Amongst the Hawks top-four D Hjalmarsson has the least experience, and he’s in his 5th season and already won a Stanley Cup. They only have four players under the age or 24, and none of them have to play huge roles, except Kruger on the PK.
The Oilers have Gagner, Hall, Eberle, Nugent-Hopkins, Paajarvi, Yakupov andJ.Schultz 23 and under. And many of them are forced to play tough minutes.
The Oilers can’t play like Chicago because they don’t have the skill set, yet, or experience to play that way. But the major differences are the top-four defenders in Chicago compared to the top four in Edmonton and the Hawks have a better mix of skill, grit and size in their top-nine.
That isn’t a knock on the Oilers blueline, because Chicago has arguably the best top-four in the league right now, but it is a major difference in the make up of the two teams.
(Before you say Tom Gilbert would be much better, go look at his advanced stats in Minny. He’s playing less competition but with worse numbers. He isn’t in the class of Hjalmarsson.)
If you want to suggest the Oilers should strive to become the Hawks, I’m in complete agreement, but in order for that to happen Steve Tambellini, Kevin Lowe and Craig MacTavish will need to make some astute trades or signings that bring in veteran players who can play in your top-nine forwards or top-four defenders.
The Oilers have drafted well in the first round the last six years, but outside of Jeff Petry and Theo Peckham (2nd and 3rd rounders in 2006) no other late pick has panned out yet since the lockout. Hartikainen and Lander might, but they haven’t yet. A big reason for that is you can’t have all young guys come in at the same time, but none in the last six years isn’t great.

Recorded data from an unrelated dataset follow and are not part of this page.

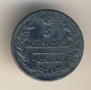 Лицевая сторона - двуглавый орел и дата, оборотная — обозначение номинала (5 копеекъ) в венке из лавровой и дубовой ветвей. Проба до 1813 года — 750, нормативный вес — 1,2 грамма; после 1813 года — проба 868, нормативный вес — 1,04 грамма.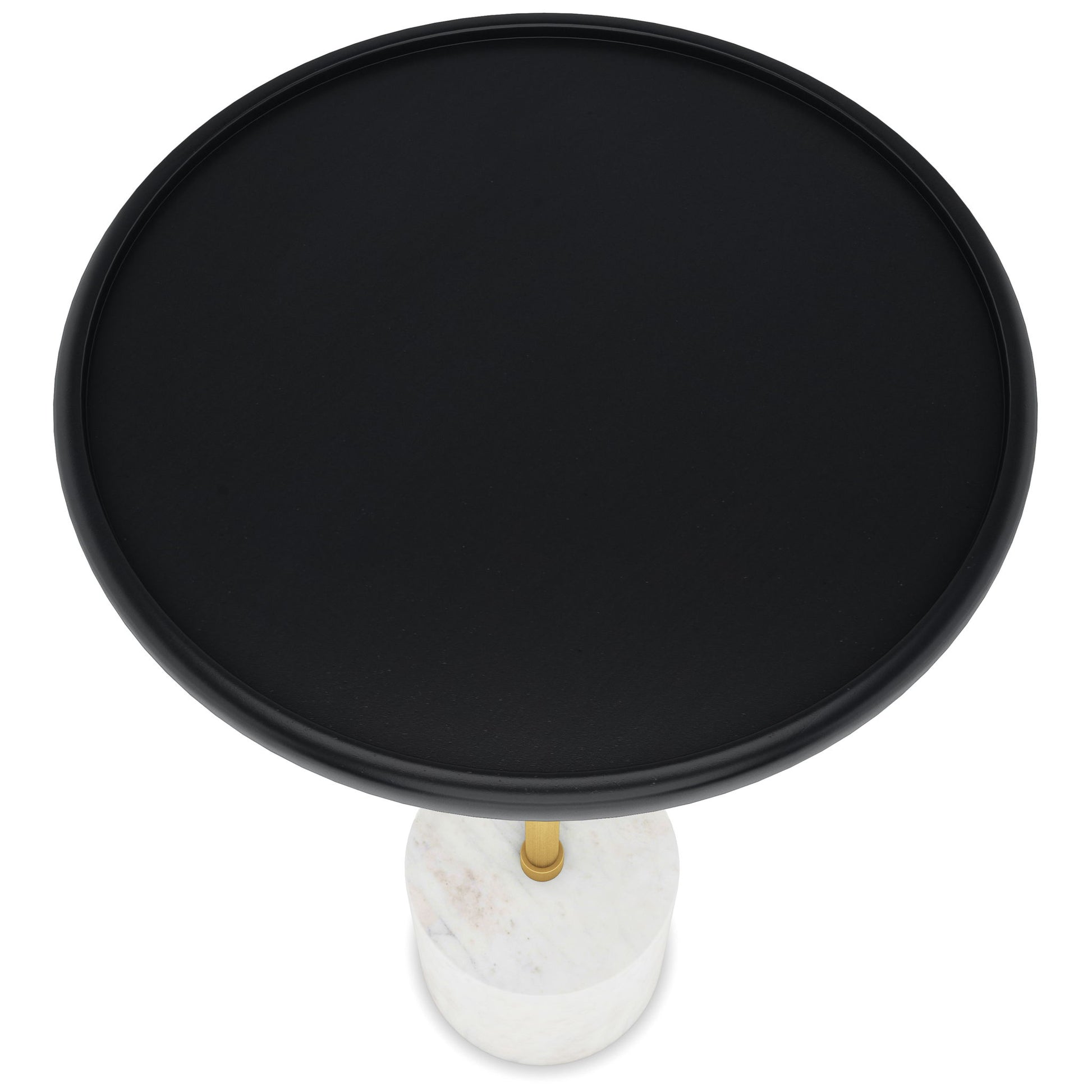 • Features round solid mango wood top, antique brass look stem and solid white marble base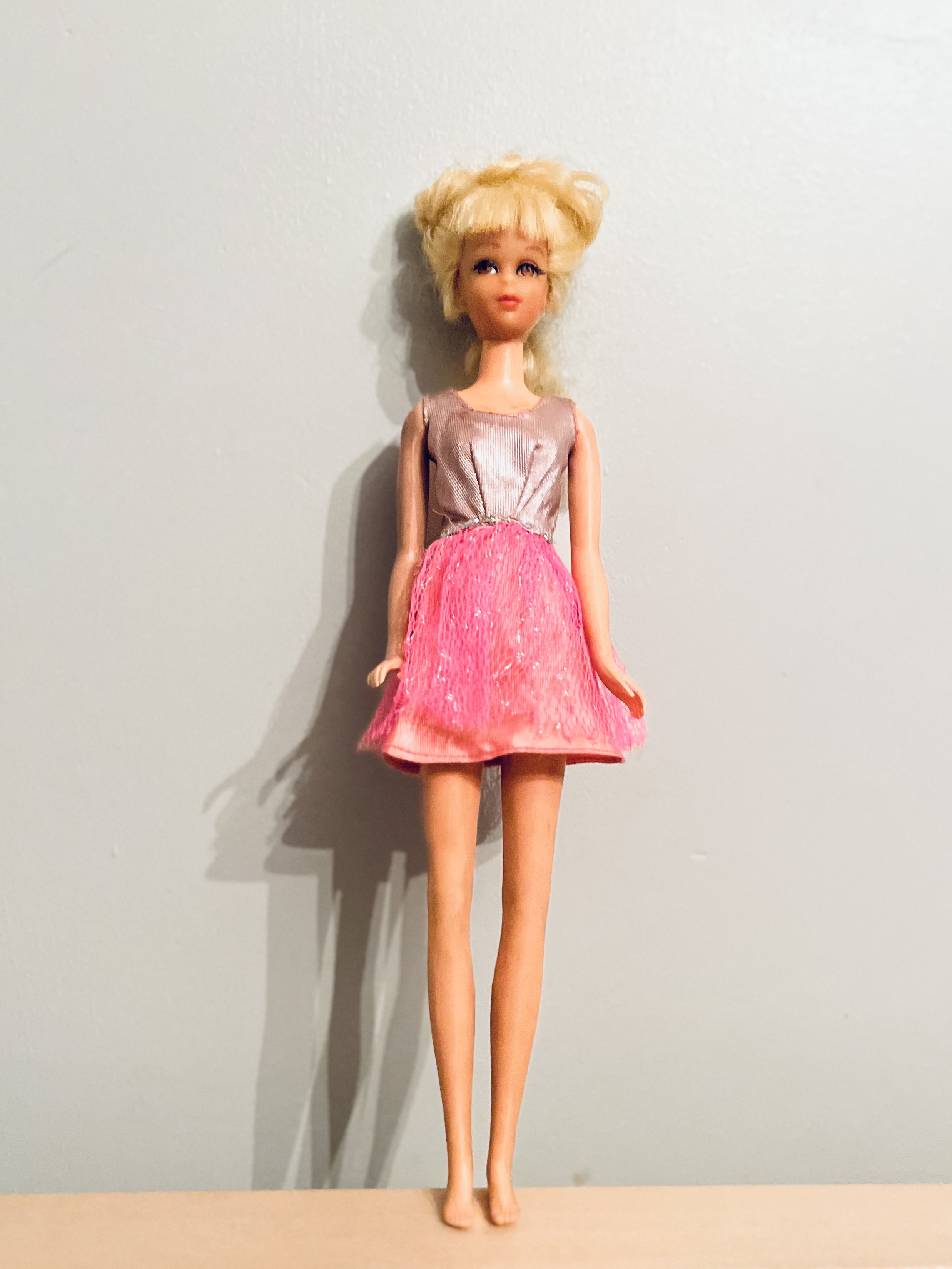A couple of extra notes. I also bought a baggie of doll clothes separate from Barbie and her friends. I found Francis’s original dress and Ken’s polyester shirt in that bag.

They also need to win a trade. Oscar Klefbom might become the equivalent of the Hawks’ Leddy, acquired for a veteran who’s value dipped after the deal. But the Oilers need to win a trade or two, not just break even or lose.
The Oilers miss Shawn Horcoff terribly. He can battle against the tough competition, which would allow RNH and Gagner some easier minutes. The Oilers could use another veteran or two who could ease the tough minutes of the youngsters.
Petry, J.Schultz, RNH, Hall, Eberle, Yakupov, and Paajarvi all have less than three years of NHL experience, yet the first five are amongst the top 8 in icetime on the Oilers. They are learning as they go, but don’t expect them to be able to play like Chicago because they don’t have the strength, size or experience yet.
The Oilers are not close to being the Blackhawks, and right now few teams are, so the Oilers can either remain patient and let their young players learn how to play against proven NHL talent, or management needs to mix in some veterans who can play significant minutes, to lessen the learning curve and possibly increase their chances of winning.
The Oilers must find some more players who have the competitive drive necessary to win in the NHL. It is easy for the Hawks youngsters to follow behind Toews, Keith etc, because if they don’t match the work ethic and determination of their leaders, they’d hear about it.
It is a long process to become a legitimate contending team, and when you look at the roster of the Hawks it was built with solid drafting, key trades and some useful free agent signings. The Oilers haven’t done very well in the latter two departments.